The lawsuit says ChatGPT “recites Times content verbatim.”
The New York Times is suing OpenAI and Microsoft for copyright infringement, claiming the two companies built their AI models by “copying and using millions” of the publication’s articles and now “directly compete” with its content as a result.
As outlined in the lawsuit, the Times alleges OpenAI and Microsoft’s large language models (LLMs), which power ChatGPT and Copilot, “can generate output that recites Times content verbatim, closely summarizes it, and mimics its expressive style.” This “undermine[s] and damage[s]” the Times’ relationship with readers, the outlet alleges, while also depriving it of “subscription, licensing, advertising, and affiliate revenue.”
The complaint also argues that these AI models “threaten high-quality journalism” by hurting the ability of news outlets to protect and monetize content. “Through Microsoft’s Bing Chat (recently rebranded as “Copilot”) and OpenAI’s ChatGPT, Defendants seek to free-ride on The Times’s massive investment in its journalism by using it to build substitutive products without permission or payment,” the lawsuit states.
The trained model includes vast swathes of copyrighted material. It's the rights holders who get to decide whether someone can use it.
Just because it makes it inconvenient or harder for someone to train an AI model does not justify wholesale stealing.
A lot of models are even trained on large numbers of pirated material like books downloaded from pirate sites etc. I guarantee you OpenAI and others didn't even buy a lot of the material they use to train the AI models on.
I guarantee you OpenAI and others didn't even buy a lot of the material they use to train the AI models on.
My hunch is that if they did actually buy or properly license that material, they would have been bankrupt before the first version of ChatGPT came online. And if that's true, then OpenAI owes it's entire existence to it's piracy.
No it doesn't, the training data isn't inside the LLM.
So firstly, even if those claims are true, you sue the wrong business, you would need to sue the training data maker. They however are usually protected by laws for science, because they are "non profit research"
Therefore this is completely ridiculous.
Btw, A the copyright part is only a thing if its a significant portion of the thing... Wich it clearly isn't in this case (its below 1% of it) making it even more ridiculous.
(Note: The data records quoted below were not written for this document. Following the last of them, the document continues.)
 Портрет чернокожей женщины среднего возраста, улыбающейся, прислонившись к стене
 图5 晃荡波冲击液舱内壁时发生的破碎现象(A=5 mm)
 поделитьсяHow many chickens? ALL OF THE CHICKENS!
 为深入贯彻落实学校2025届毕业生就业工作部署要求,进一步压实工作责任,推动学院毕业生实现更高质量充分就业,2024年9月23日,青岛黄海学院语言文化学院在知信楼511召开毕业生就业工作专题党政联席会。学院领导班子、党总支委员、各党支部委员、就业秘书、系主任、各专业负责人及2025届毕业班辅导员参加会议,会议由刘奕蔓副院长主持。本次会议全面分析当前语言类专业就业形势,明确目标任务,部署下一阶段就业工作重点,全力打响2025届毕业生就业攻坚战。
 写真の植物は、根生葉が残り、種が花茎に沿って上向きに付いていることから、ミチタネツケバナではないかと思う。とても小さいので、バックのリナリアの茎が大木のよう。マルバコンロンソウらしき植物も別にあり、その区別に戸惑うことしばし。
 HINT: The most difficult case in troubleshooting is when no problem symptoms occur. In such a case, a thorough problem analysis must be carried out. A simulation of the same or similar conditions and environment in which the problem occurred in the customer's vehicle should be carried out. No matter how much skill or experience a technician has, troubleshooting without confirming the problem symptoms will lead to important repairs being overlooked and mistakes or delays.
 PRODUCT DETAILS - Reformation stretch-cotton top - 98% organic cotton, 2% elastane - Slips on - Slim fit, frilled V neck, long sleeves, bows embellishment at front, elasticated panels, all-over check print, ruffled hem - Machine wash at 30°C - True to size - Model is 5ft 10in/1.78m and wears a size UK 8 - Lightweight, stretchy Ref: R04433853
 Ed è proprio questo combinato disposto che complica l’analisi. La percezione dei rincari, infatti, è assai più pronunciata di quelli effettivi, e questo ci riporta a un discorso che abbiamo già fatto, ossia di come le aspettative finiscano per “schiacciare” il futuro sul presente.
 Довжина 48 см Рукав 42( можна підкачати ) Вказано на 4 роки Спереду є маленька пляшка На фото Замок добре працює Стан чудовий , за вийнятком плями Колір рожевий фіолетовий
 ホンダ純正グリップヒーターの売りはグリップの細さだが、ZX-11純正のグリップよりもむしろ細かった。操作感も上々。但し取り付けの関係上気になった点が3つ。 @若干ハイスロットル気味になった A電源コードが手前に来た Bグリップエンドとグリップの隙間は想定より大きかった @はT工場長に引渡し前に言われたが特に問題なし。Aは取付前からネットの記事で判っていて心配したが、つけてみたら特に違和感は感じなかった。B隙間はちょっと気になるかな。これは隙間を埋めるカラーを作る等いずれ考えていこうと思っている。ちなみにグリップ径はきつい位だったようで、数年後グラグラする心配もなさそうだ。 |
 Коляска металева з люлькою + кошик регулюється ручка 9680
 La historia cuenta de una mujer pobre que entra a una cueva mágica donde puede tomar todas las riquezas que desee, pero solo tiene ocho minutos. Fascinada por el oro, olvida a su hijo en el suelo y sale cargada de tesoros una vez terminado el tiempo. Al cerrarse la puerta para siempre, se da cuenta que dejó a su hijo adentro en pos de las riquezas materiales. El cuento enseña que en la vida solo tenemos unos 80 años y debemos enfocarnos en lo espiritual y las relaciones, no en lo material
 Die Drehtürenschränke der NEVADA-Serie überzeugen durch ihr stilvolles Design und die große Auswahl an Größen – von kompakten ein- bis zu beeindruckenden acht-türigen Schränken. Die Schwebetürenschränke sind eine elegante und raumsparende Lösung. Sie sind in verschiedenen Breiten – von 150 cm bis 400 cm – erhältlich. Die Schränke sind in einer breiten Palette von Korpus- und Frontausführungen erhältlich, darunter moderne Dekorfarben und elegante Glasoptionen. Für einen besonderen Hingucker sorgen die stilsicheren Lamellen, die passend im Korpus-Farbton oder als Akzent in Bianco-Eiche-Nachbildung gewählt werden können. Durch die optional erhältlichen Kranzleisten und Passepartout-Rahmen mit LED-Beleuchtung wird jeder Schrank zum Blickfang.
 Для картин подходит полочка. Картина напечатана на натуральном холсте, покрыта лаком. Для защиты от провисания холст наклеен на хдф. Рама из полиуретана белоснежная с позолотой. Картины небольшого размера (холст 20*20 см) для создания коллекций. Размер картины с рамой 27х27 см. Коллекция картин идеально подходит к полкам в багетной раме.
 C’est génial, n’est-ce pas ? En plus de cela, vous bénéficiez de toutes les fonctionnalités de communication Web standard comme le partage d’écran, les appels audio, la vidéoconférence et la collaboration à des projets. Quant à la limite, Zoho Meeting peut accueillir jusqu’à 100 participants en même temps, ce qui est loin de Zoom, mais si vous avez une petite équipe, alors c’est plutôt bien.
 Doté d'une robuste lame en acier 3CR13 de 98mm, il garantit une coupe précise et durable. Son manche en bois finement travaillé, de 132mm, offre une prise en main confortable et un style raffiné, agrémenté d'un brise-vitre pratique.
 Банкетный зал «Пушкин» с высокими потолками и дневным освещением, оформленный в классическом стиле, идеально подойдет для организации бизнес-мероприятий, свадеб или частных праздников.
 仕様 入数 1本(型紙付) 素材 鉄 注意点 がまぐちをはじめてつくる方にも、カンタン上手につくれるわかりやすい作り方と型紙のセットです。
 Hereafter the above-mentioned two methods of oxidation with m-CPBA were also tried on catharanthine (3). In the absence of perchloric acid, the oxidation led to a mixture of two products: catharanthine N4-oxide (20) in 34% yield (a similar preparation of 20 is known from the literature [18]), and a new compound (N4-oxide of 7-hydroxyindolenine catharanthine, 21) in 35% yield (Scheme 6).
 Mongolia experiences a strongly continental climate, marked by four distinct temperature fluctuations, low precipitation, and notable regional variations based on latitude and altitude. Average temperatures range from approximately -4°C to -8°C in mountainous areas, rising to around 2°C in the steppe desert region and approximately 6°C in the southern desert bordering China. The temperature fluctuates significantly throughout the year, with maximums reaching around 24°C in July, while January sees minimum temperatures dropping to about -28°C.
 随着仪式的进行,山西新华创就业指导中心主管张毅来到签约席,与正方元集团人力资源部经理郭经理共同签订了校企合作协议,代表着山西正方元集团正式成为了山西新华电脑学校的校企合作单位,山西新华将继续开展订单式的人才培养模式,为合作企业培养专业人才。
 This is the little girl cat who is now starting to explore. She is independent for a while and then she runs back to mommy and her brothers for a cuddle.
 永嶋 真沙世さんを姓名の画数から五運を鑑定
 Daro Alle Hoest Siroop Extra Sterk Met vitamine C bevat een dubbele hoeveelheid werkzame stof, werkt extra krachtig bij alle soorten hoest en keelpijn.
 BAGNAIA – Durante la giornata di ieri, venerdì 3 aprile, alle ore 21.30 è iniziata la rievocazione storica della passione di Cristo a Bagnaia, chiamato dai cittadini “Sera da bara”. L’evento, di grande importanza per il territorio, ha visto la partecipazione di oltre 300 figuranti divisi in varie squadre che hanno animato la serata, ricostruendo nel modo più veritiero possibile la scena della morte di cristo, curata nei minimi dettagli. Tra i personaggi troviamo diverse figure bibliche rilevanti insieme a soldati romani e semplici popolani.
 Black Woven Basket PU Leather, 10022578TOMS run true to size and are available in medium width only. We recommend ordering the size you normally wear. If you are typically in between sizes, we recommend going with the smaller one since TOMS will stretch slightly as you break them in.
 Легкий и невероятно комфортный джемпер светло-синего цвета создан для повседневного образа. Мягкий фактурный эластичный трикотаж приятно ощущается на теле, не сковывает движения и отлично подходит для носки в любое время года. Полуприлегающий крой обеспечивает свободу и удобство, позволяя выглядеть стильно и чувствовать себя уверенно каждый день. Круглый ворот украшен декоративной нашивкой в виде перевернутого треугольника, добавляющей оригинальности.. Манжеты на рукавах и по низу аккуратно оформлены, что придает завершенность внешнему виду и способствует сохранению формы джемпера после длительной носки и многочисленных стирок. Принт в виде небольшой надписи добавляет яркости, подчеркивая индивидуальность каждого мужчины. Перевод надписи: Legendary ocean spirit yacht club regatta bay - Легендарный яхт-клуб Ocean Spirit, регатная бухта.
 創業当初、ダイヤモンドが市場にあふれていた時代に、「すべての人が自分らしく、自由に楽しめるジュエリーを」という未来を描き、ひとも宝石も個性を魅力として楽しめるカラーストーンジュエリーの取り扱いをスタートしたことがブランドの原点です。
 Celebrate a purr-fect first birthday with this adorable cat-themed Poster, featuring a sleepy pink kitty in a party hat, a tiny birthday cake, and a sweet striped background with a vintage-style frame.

Also, if you can get the information on the internet, you are again suing the wrong place, you should be after the provider, not the automatic data grabbing system... As they can and will argue that they cant control what their algorithm crawler takes. There is a way to mark content as "dont use" for Mashines, but most people don't do that and will lose in court because they don't understand it...
Lastly, the training wouldn't be harder, the problem is the gathering of data. You can't manually look through all of it and its idiotic to think that its reasonable to demand such a thing.
To be fair some of the chat bots are effectively just that. They have "scrapped" their data models and outputing it in a way that seems like you are having a conversation with the "bot".